EXERCISE OBJECTIVE:
Starting at the line with "Cận cảnh phía" and ending at the line with "Collect golds and", print exactly the lines of the entries below. Pictures do not belong in the copy.

TASK INPUTS:
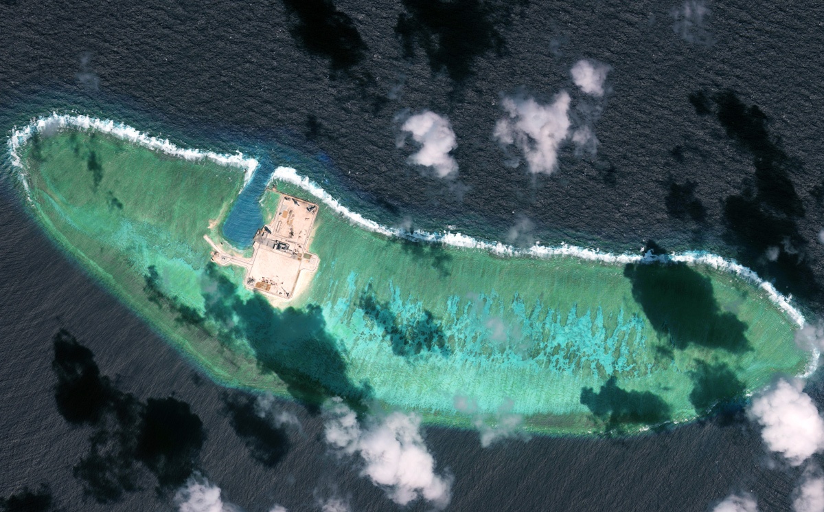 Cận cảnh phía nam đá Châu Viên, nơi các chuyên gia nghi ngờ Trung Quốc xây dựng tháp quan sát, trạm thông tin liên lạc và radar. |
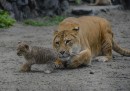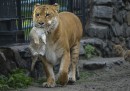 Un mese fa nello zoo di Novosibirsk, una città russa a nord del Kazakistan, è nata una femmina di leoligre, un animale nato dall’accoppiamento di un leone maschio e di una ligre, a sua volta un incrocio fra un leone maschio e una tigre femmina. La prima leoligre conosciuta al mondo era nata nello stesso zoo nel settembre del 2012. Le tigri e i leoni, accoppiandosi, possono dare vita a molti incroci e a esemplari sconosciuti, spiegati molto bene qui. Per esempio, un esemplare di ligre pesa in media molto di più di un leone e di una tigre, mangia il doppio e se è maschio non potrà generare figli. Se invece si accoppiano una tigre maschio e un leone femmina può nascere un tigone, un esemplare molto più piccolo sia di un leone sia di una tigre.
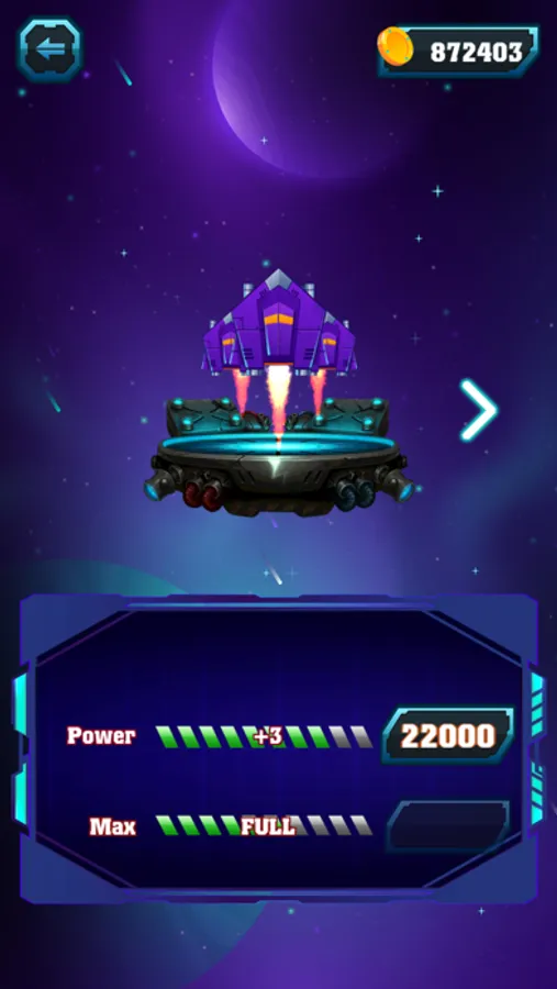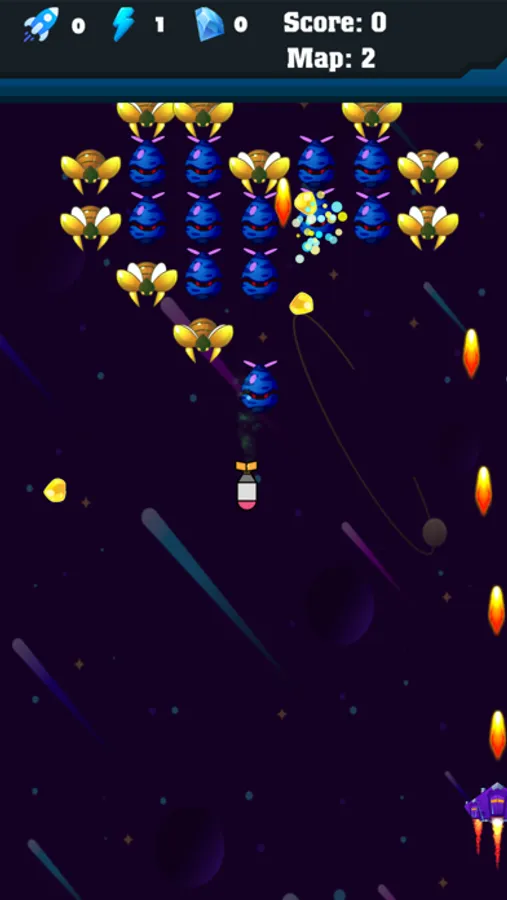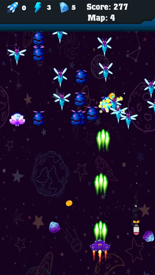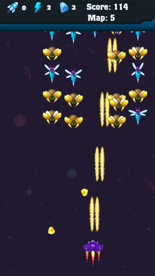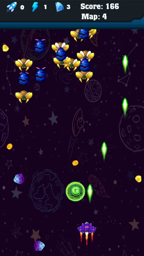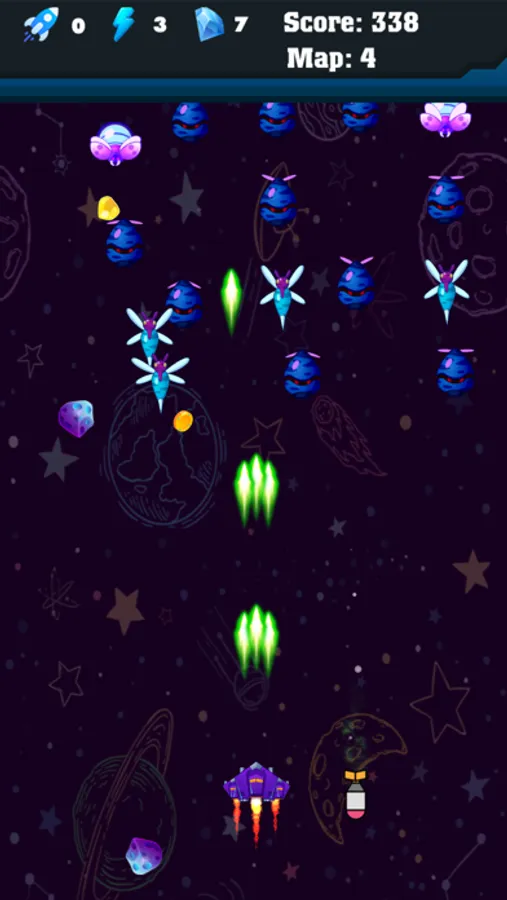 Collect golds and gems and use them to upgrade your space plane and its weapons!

...

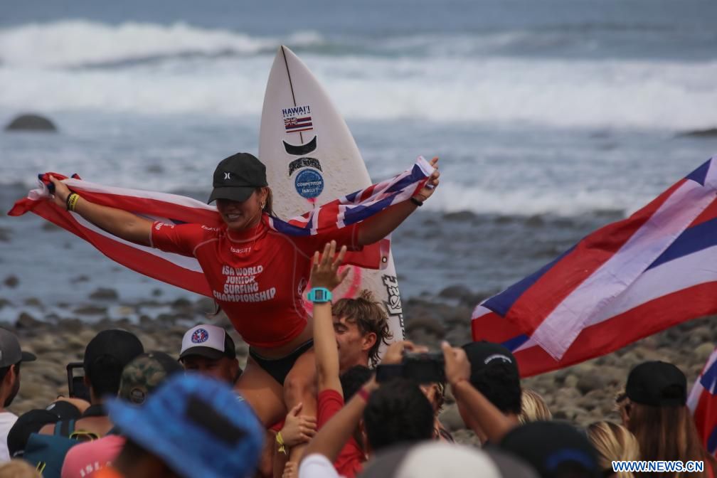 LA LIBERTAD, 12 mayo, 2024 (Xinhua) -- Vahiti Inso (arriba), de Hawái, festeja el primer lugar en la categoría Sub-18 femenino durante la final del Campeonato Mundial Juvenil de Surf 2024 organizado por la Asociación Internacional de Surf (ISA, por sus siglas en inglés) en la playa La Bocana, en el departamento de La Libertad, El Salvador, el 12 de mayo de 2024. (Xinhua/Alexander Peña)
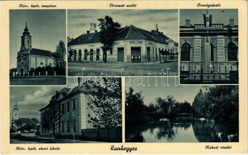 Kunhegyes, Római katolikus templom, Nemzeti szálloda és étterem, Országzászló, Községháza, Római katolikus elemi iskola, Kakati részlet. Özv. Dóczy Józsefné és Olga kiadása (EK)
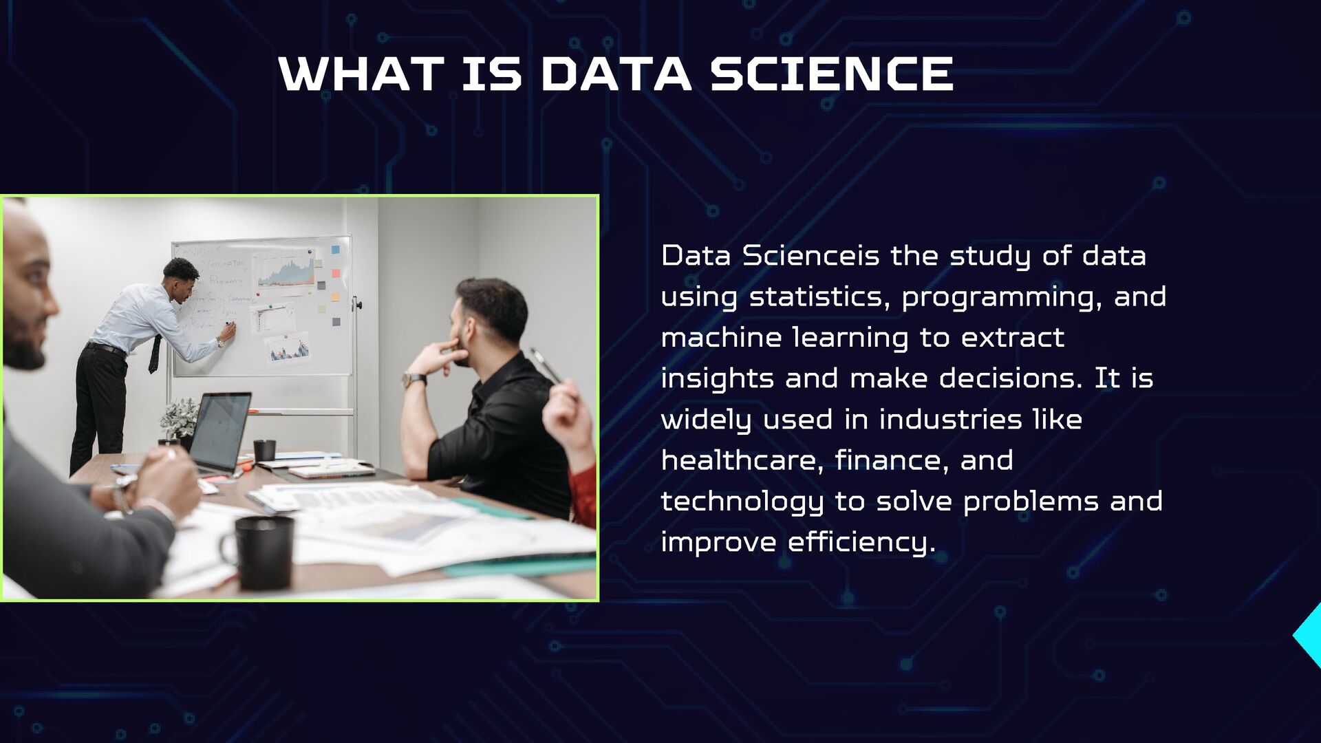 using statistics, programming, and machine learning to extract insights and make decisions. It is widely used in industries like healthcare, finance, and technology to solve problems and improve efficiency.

...

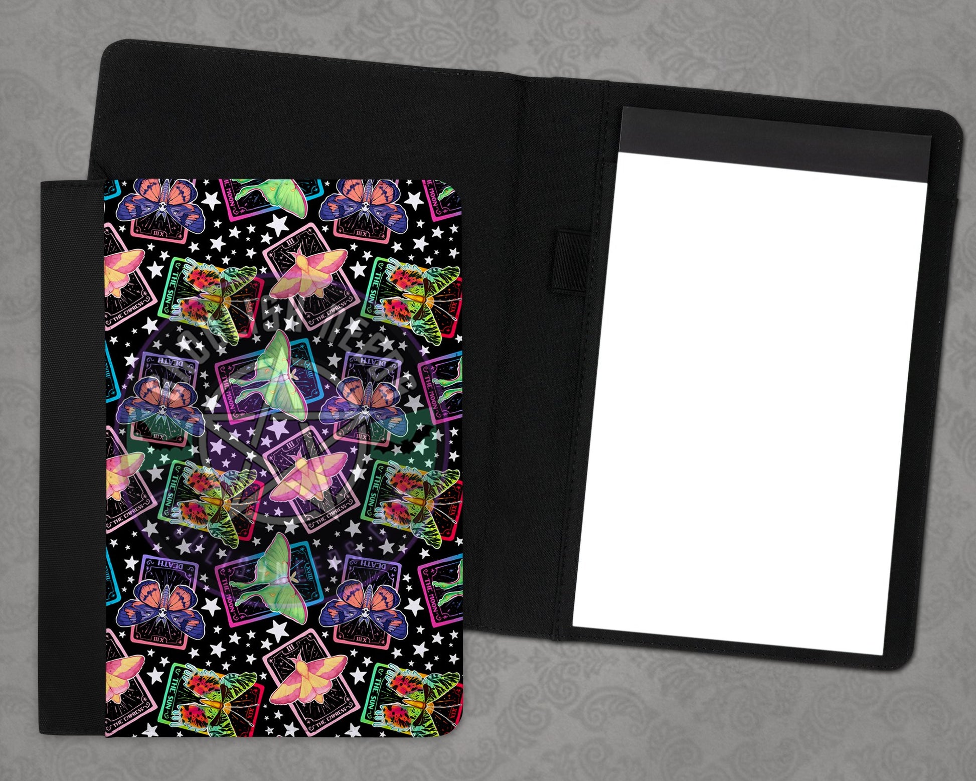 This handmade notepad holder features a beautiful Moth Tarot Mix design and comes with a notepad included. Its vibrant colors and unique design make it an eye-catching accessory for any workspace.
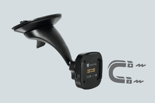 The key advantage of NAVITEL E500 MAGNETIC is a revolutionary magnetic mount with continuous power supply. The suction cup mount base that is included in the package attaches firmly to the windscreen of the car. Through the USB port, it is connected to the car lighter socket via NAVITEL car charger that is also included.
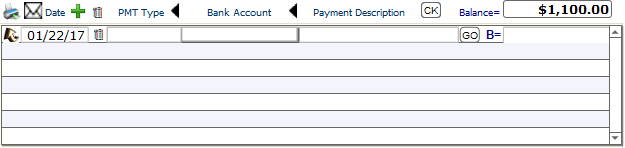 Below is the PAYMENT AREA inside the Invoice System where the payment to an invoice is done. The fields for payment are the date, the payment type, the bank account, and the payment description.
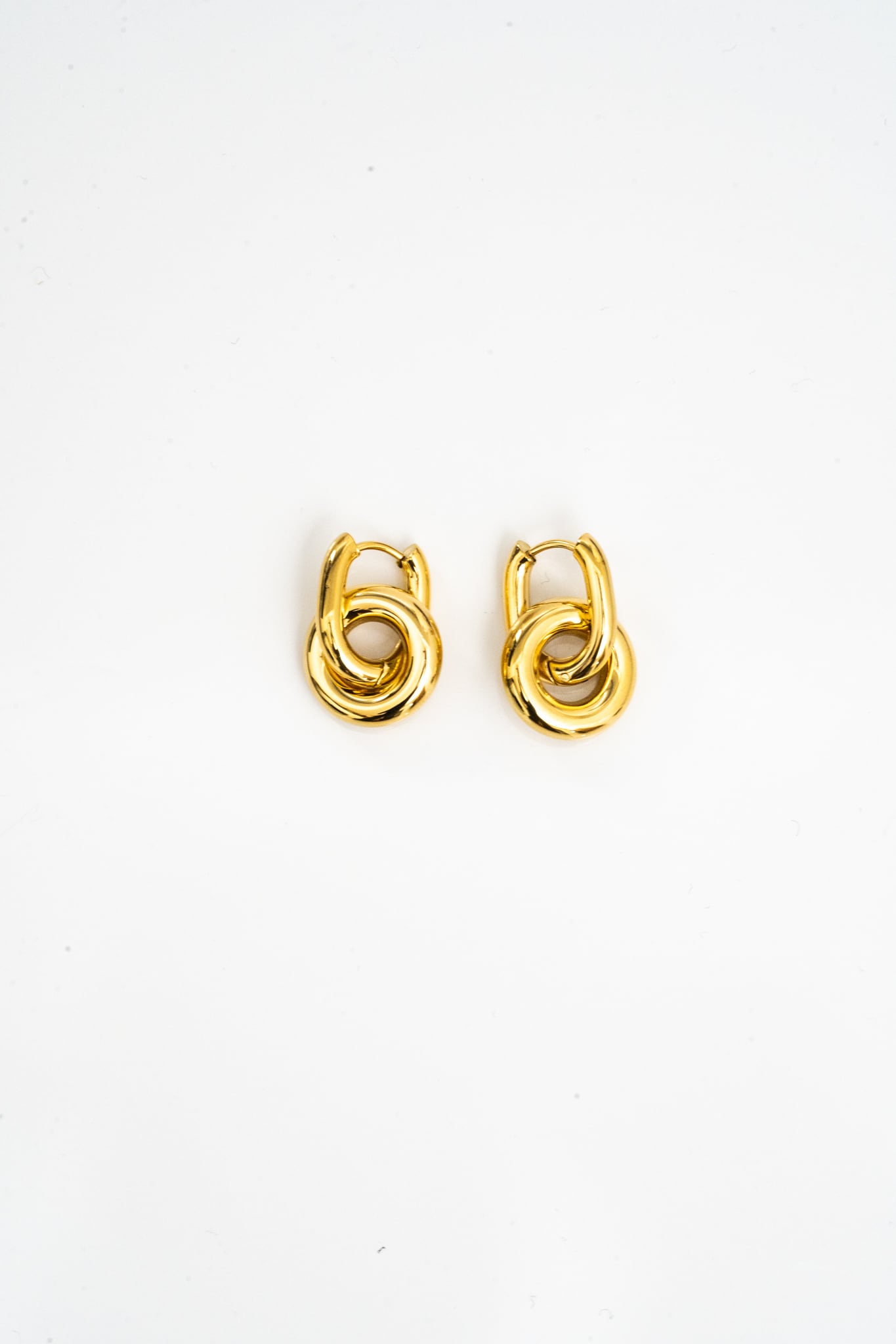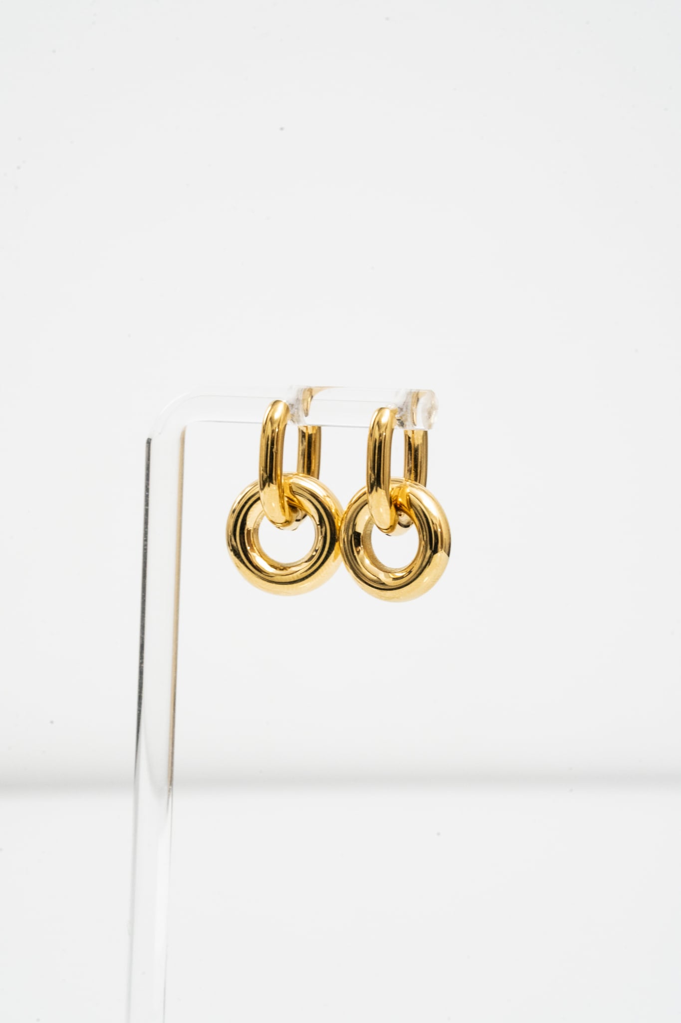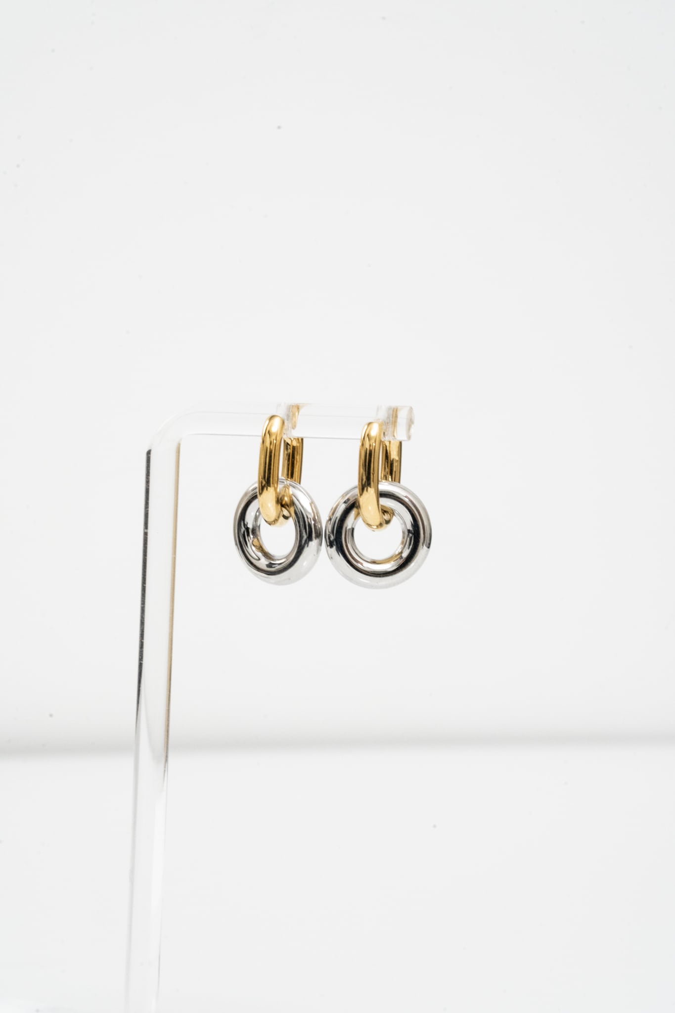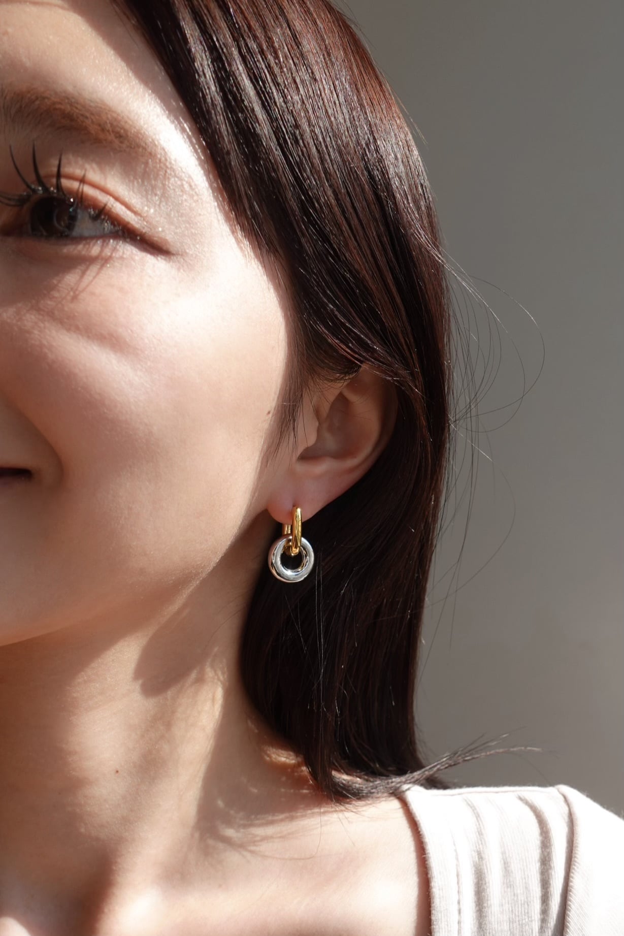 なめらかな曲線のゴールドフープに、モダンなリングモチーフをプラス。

RESPONSE TO THE TASK:
 Cận cảnh phía nam đá Châu Viên, nơi các chuyên gia nghi ngờ Trung Quốc xây dựng tháp quan sát, trạm thông tin liên lạc và radar. |
 Un mese fa nello zoo di Novosibirsk, una città russa a nord del Kazakistan, è nata una femmina di leoligre, un animale nato dall’accoppiamento di un leone maschio e di una ligre, a sua volta un incrocio fra un leone maschio e una tigre femmina. La prima leoligre conosciuta al mondo era nata nello stesso zoo nel settembre del 2012. Le tigri e i leoni, accoppiandosi, possono dare vita a molti incroci e a esemplari sconosciuti, spiegati molto bene qui. Per esempio, un esemplare di ligre pesa in media molto di più di un leone e di una tigre, mangia il doppio e se è maschio non potrà generare figli. Se invece si accoppiano una tigre maschio e un leone femmina può nascere un tigone, un esemplare molto più piccolo sia di un leone sia di una tigre.
 Collect golds and gems and use them to upgrade your space plane and its weapons!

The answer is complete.